Ганник поднес к глазам глиняную кружку, словно пытался что-то в ней рассмотреть.
— Не видел больше. Никого. Семь лет уже...
Ганник выпил залпом, скривился и прижал кружку ко лбу, крепко зажмурившись. Алатрион некоторое время молчал.
— Но он же отпустил тебя?
— Ага. Месяц назад. Перед тем как помереть. Облагоде... тельствовал...
— Что же ты в Рим... Не в Медиолан?
— Нельзя мне возвращаться. Им лучше будет без меня. Безопаснее...
— Боишься, что тебя в покое не оставят? А родные-то живы? Хоть весточка-то от них не была?
Ганник поднял на костоправа уже довольно мутные глаза, но ничего не сказал. Налил себе еще и выпил. Собеседник молчал.
— Догадываюсь, что это за уважаемые люди.
— Лучше про них лишнего не говорить, — галл приложил палец к губам.
— Я никому не скажу, — заверил его костоправ.
Галл, казалось, не расслышал, он ударился в воспоминания.
— Был там один такой... господин... как его? Что-то такое... на задницу похоже... А! Господин Пигеон!
— Т-сс, — напомнил Алатрион, приложив палец ко рту, — мы про него не говорим.
— Точно. Молчим, как рыбы.
— Кстати. А где они?
— Кто?
— Наши рыбы. Вернее, наша рыба. Или как там ее... — Алатрион повернулся к очагу, — эй, хозяин! Когда там уже будут наши рыбки?
— Сейчас, сейчас! Уже несу, — отозвался трактирщик и водрузил на стол блюдо с жаренными карпами.
Костоправ приподнял одного за хвост.
— Чего-то он какой-то хилый. Болел что ли?
— Ну что ты, господин, — поспешил возразить трактирщик, — более мясистых ты не найдешь во всей округе. Мне поставляют из лучших прудов со стороны Лабиканской дороги!
— Мясистых... Ну ладно. Но принеси еще... — Алатрион замолчал, мучительно подбирая слова.
— ...чего-нибудь мясистого, — помог ему галл.
— Да! Тащи все, я плачу... не так... мы с моим другом платим!
— Ты не проснешься завтра с пустым кошелем, друг Прим? — забеспокоился галл.
За столом игроков возбужденно загалдели, кого-то боги наградили особенно удачным броском. Ближайший к Алатриону из этой компании, черноволосый парень в синей тунике-безрукавке, небритый и суровый на вид, казалось, совсем не интересовался игрой, все больше косясь на костоправа.
— Пустым? — костоправ удивился, — разве он может опустеть? Давай проверим.

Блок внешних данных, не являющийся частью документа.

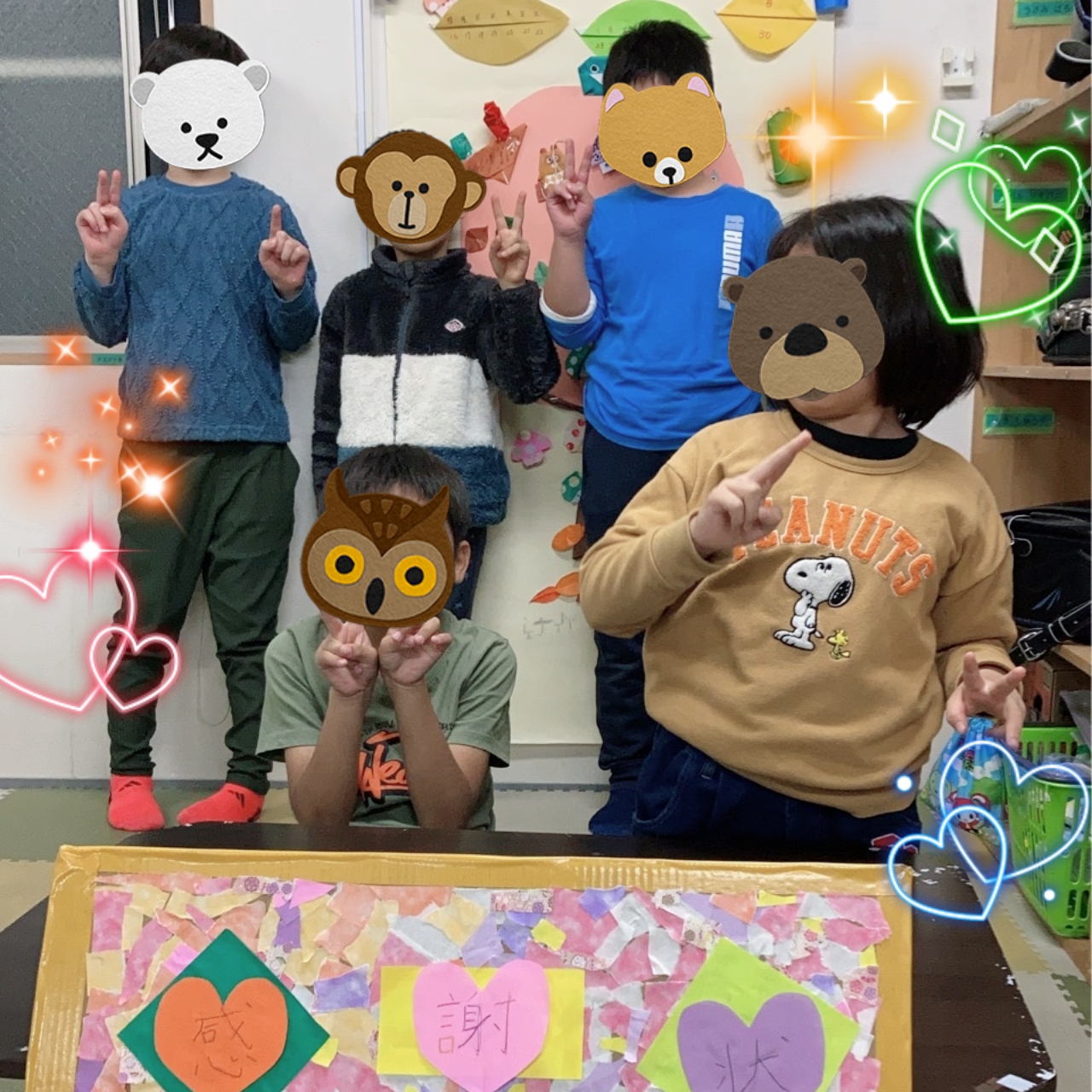 室内活動では、たくさんの工作活動を行いました。今年は勤労感謝の日に向けて、大きな大きな感謝☆カードをみんなで作りました。感謝の気持ち、届きますように・・・。毎日いろいろな物を作り続けていることもあり、どの部屋も工作スキルが格段に上がったように感じます☆

Он полез за пазуху и вытащил кожаный кошель. Развязал его, не желающими подчиняться пальцами, бубня себе под нос поношения изобретателям неудобных кошелей с неудобными завязками, и высыпал содержимое на стол. На плохо ошкуренной столешнице, испещренной картинками эротического содержания и бранными словами, заплясали серебряные и медные монеты. За соседними столами стихли все разговоры, но костоправ, казалось, этого не замечал. Он выбрал из кучи пару серебряных денариев и пододвинул их к трактирщику. Тот проворно сгреб плату, привычным движением куснул одну из монет.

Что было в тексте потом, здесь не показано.